Results of our measurement model indicated that our ETV and future orientation latent constructs fit the data well among our full sample. The model chi-square statistic for the measurement model was 7.46 (df = 8, N = 316, p = 0.49). The CFI, RMSEA, and SRMR model fit indices indicated excellent fit of our model to the data (CFI = 1.00; RMSEA = 0.00; SRMR = .03). In addition, each of the indicators loaded on their respective latent constructs. Standardized factor loadings were all significant (p < .001) and ranged from 0.51 to 0.90.

Indirect Effect Model

Results from our indirect effect model tested among all participants are shown in Figure 1. The chi-square test of model fit suggested our model fit the data well (χ2 = 26.44, df = 22, N = 316, p = .23). Other model fit indices also indicated our model was a good fit (CFI = 0.99; RMSEA = 0.03; SRMR = 0.04).

Figure 1.

Figure 1.

Structural equation model showing coefficients to indicate relationships between exposure to violence, perceived stress, and future oreintation among all study participants (N = 316) after controlling for SES and gender . Note: dotted lines depict non-significant pathways; *p < .001

ETV predicted higher levels of perceived stress (b = 0.19, SE = 0.04, p < .001) but was not predictive of future orientation (b = 0.06, SE = 0.08, p > .05). Also, while SES was not predictive of perceived stress (b = −0.001, SE = 0.003,p > .05), we found that being female was predictive of higher levels of perceived stress (b = 0.34, SE = 0.06, p < .001). We found a main effect of perceived stress on future orientation (b = −0.52, SE = 0.13,p < .001), where greater perceived stress predicted lower future orientation. Overall, our model explained 18% of variance in participants’ perceived stress (p < .001) and 7% of variance in participants’ future orientation (p = .03). Using the model indirect feature in Mplus, we found no evidence of a direct effect between ETV and future orientation (b = 0.06, SE = 0.08, p > .05), but we did find a strong indirect effect of ETV on future orientation through perceived stress (b = −0.10, SE = 0.03, p = .002).

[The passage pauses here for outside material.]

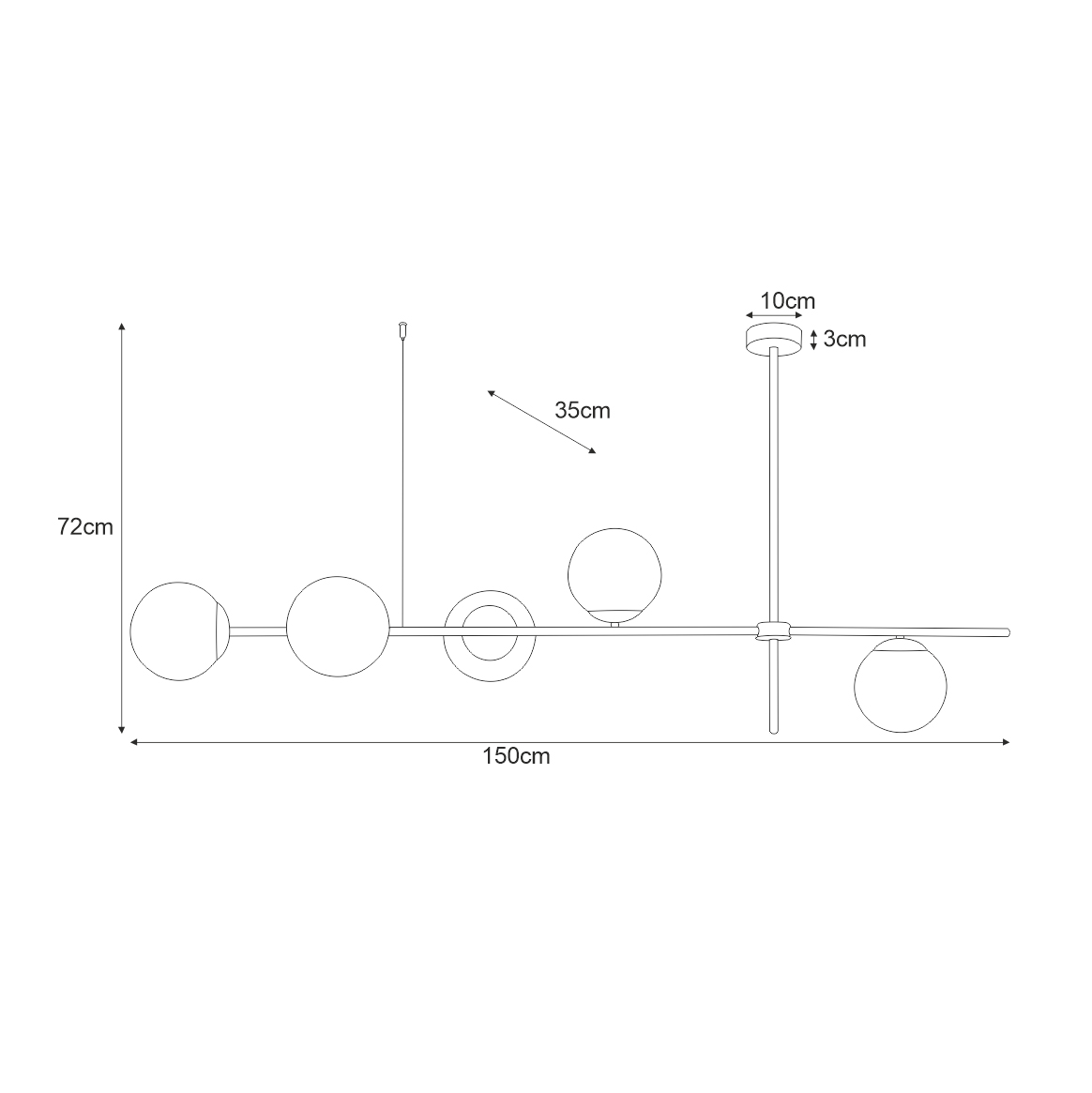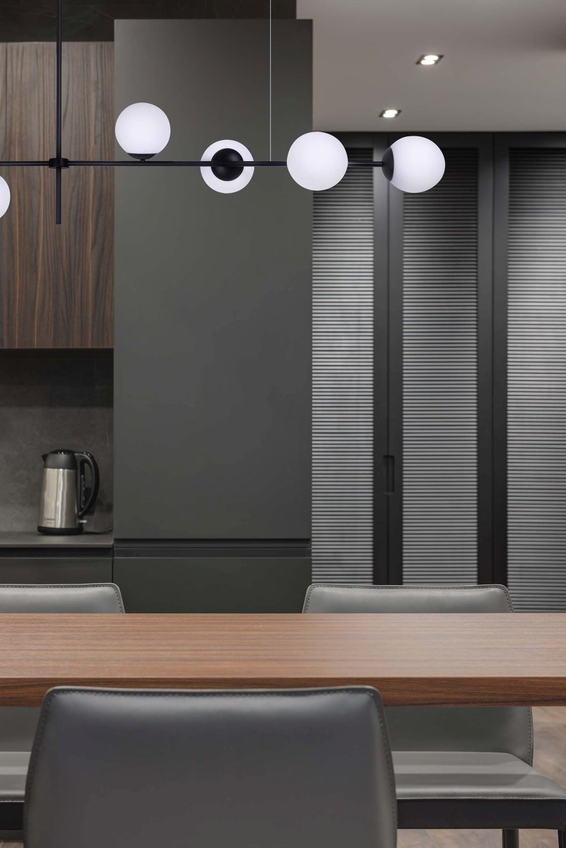 Klasyka spotyka styl loftWyznacznikiem serii VUELTA są szklane klosze uformowane z mlecznego szkła - jest to odwołanie do tradycyjnych technik wzorniczych w oświetleniu. Białe kule wzorowo przyozdabiają całą konstrukcję dodając szykownego wydźwięku. Szkielet lampy stanowią dwa czarne, metalowe ramiona, skrzyżowane ze sobą pod kątem prostym. Przywodzą one na myśl statyw lub surowe pręty wystające z sufitu w przestrzeniach pofabrycznych.Designerska lampa z pięcioma punktami światłaTa propozycja idealnie sprawdzi się nad wyspą kuchenną bądź stołem w jadalni. Dzięki poprzecznej budowie podkreśli wydłużone blaty i odpowiednio je doświetli. Swoją nienachalną formą nie przytłoczy aranżacji wnętrza, ale dopełni ją, tworząc ciekawy efekt w pomieszczeniu. Pięć źródeł światła zostało umieszczonych na podłużnym ramieniu i skierowanych w różnych kierunkach. W projekcie zastosowano uniwersalne gwinty E27, do których bez problemu dopasujesz odpowiadające Ci żarówki pod względem barwy oraz mocy (max. 40W). Pamiętaj, że w zależności od temperatury barwowej żarówki, kolor kloszy będzie zmieniał swoje tony. Przy zastosowaniu żarówek o ciepłej barwie będą to żółtopomarańczowe tony, natomiast o zimnej - niebieskawe.

Multi-group Model: Moderating effects of family participation

We found the measurement model for high and low family participation groups to be the same, as indicators loaded on their respective latent constructs in the same direction and with the same level of significance for both groups. Next, to test for differences between groups on the path from perceived stress to future orientation, a model with the parameters for gender, SES, ETV to stress, and ETV to future orientation constrained was compared to a model with each of these parameters constrained except for the parameter for the pathway between perceived stress and future orientation. The model with all of the parameters constrained to be equal across groups had a marginally significant chi-square (χ2 (63) = 82.79, p = 0.048) and other fit indices indicated acceptable fit (CFI = 0.95; RMSEA = 0.05; SRMR = 0.07). The model with all of the parameters constrained to be equal across groups except for the pathway from perceived stress to future orientation had a non-significant chi-square (χ2 (62) = 79.10, p = 0.07) and other fit indices indicated better model fit as well (CFI = 0.96; RMSEA = 0.04; SRMR = 0.07). Parameter estimates for this model can be found in Figure 2. A chi-square difference test indicated that releasing the loading constraint for the path from perceived stress to future orientation provided a better model (Δχ2 = 3.69, Δdf = 1, p = 0.05).

Figure 2.

Figure 2.

Multi-group SEM analyses showing standardized coefficients. Note: dotted lines depict non-significant pathways; *p < .001

Discussion

Overall, our findings support our main hypothesis that violence exposure during adolescence indirectly affects African American young adults’ future orientation through perceived stress. More ETV was predictive of greater perceived stress and higher levels of perceived stress was predictive of lower future orientation. Similar to Ludwig and Warren (2009), we found no support for a direct relationship between ETV and future orientation. Instead, however, our findings provide evidence that the effect of violence exposure on future orientation works fully through a separate construct, in the case of our study, that separate construct was perceived stress. This is consistent with previous findings demonstrating that ETV is often indirectly related to behavioral and psychosocial outcomes through individual-level processes (Buckner, Beardslee, & Bassuk, 2004; Calvete & Orue, 2011). It is important to note that Baron and Kenny’s (1986) causal steps approach to testing mediating effects would require us to have found an association between ETV and future orientation in order to conclude an indirect effect was present. However, this requirement has been heavily critiqued. In fact, statisticians have proven that a variable can causally mediate between a predictor and outcome even if the predictor and outcome are not associated (Hayes, 2009; Shrout & Bolger, 2002). As Mathieu and Taylor (2006) state, “…mediation inferences are justified if the indirect effect carried by the X [predictor] -➔ M [mediator] and M➔Y [outcome] paths is significant” (p. 1037). Thus, it is legitimate for us to conclude there is an indirect effect of ETV on future orientation through perceived stress despite a non-significant direct effect of ETV on future orientation.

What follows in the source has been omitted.